Questions: Regression Diagnostics and Residual Analysis
5 questions to test your understanding
Score: 0 / 5
Question 1 Multiple Choice
You fit a linear regression and examine the residuals vs. fitted plot. The residuals form a fan shape — small near low fitted values and large near high fitted values. What assumption is violated, and what is the appropriate response?
ALinearity is violated; add a polynomial term to the model
BHomoscedasticity is violated; use robust standard errors or transform the response
CIndependence is violated; use a time-series model
DNormality is violated; use a non-parametric regression
A fan or funnel shape in the residuals vs. fitted plot is the signature of heteroscedasticity — the error variance grows with the fitted value rather than remaining constant. Remedies include robust standard errors, a variance-stabilizing transformation (e.g., log of the response), or weighted least squares. A curved pattern — not a fan — would indicate nonlinearity. Each plot pattern corresponds to a specific violated assumption.
Question 2 Multiple Choice
An observation has predictor values far from the center of the data (high leverage) but a residual very close to zero. What is its likely effect on the regression?
AIt is highly influential and will distort the coefficient estimates
BIt will inflate standard errors for all coefficients
CIt will likely have minimal distorting influence despite its unusual predictor position
DIt should be removed because high-leverage points are always problematic
High leverage measures how unusual an observation's predictor values are — it captures potential for influence. But actual influence requires both high leverage AND a large residual. An observation that fits the model well (small residual) exerts little pull on the fitted line even from an extreme position. Cook's distance formalizes this: it combines leverage and residual size into a single influence measure. A high-leverage, low-residual point can actually stabilize the fit by confirming the trend at the extremes.
Question 3 True / False
A Q-Q plot showing heavy-tailed deviations from the reference line indicates that OLS coefficient estimates are biased.
TTrue
FFalse
Answer: False
Heavy tails in the residuals violate the normality assumption, but OLS estimates remain unbiased — they are unbiased under any error distribution as long as the Gauss-Markov conditions hold. What suffers is inference: t-statistics and F-statistics rely on normality, so p-values and confidence intervals become unreliable with severe non-normality, especially in small samples. OLS is robust to mild normality departures in large samples by the Central Limit Theorem.
Question 4 True / False
A curved (bent) pattern in the residuals vs. fitted plot, rather than a random horizontal band, is evidence that the linearity assumption may be violated.
TTrue
FFalse
Answer: True
The residuals vs. fitted plot should show a structureless horizontal band centered at zero if the model is correctly specified. A systematic curve indicates that the mean of the residuals is not zero across the range of fitted values — the linear model is systematically over- or under-predicting in different regions. This is the visual signature of a nonlinear true relationship. Adding a polynomial term or transforming a predictor are the typical remedies.
Question 5 Short Answer
Why do regression diagnostics examine residuals (yᵢ − ŷᵢ) rather than the true errors εᵢ?
Think about your answer, then reveal below.

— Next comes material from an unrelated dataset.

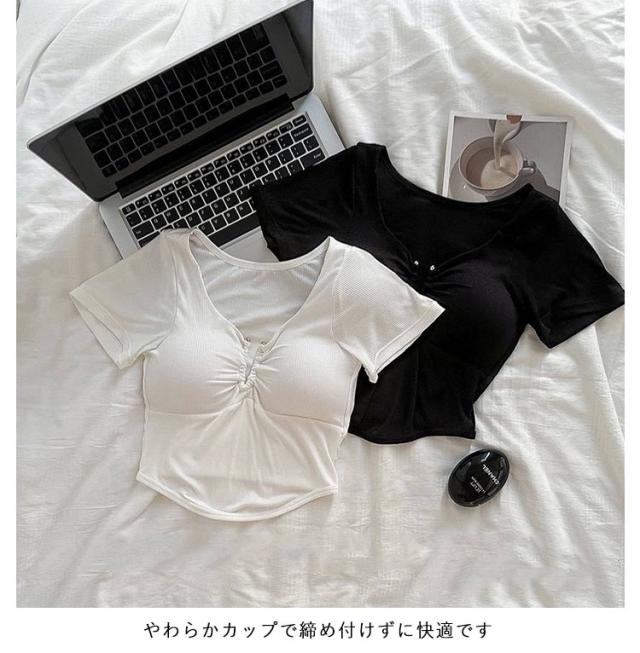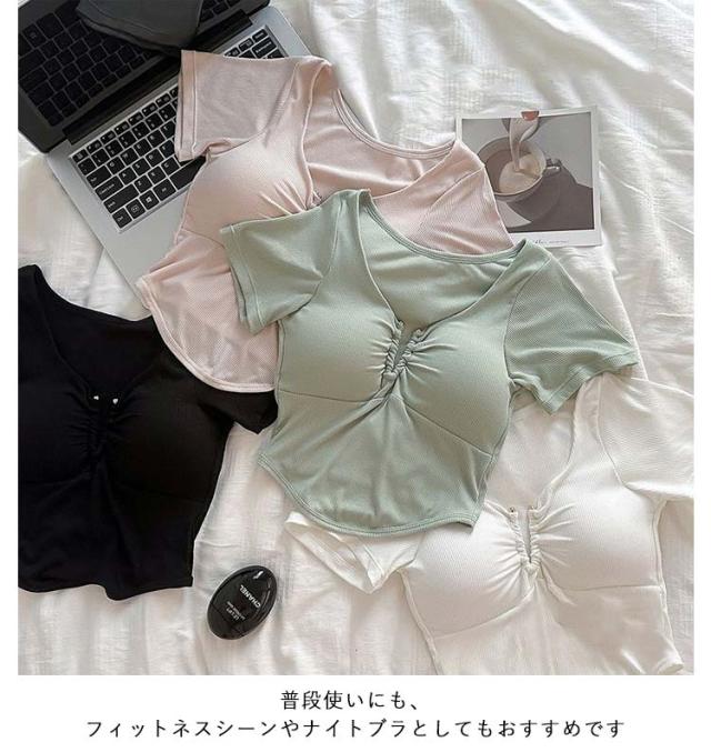 半袖インナー 伸縮性 カットソー ブラトップ ブラトップ Tシャツ カップ付き Tシャツブラ トップス 下着 カップ付き レディース パッド付 無地 速乾 ストレッチ 通気性 締め付けない 肌着 ルームウエア ジムウエア ヨガウエア 部屋着

Model answer: The true errors εᵢ = yᵢ − Xᵢβ are unobservable because β (the true population coefficients) is unknown. Residuals substitute the estimated β̂ for the unknown β, making the errors observable. If the model assumptions hold, residuals approximate the true errors and should exhibit no systematic patterns.
Residuals are imperfect proxies — they are not independent (they sum to zero by construction) and are slightly compressed toward zero by the estimation process. This is why diagnostics sometimes use standardized or studentized residuals, which correct for the fact that each residual has different variance depending on its leverage. Despite these imperfections, residual plots are remarkably informative because patterns in residuals reflect patterns in the true errors.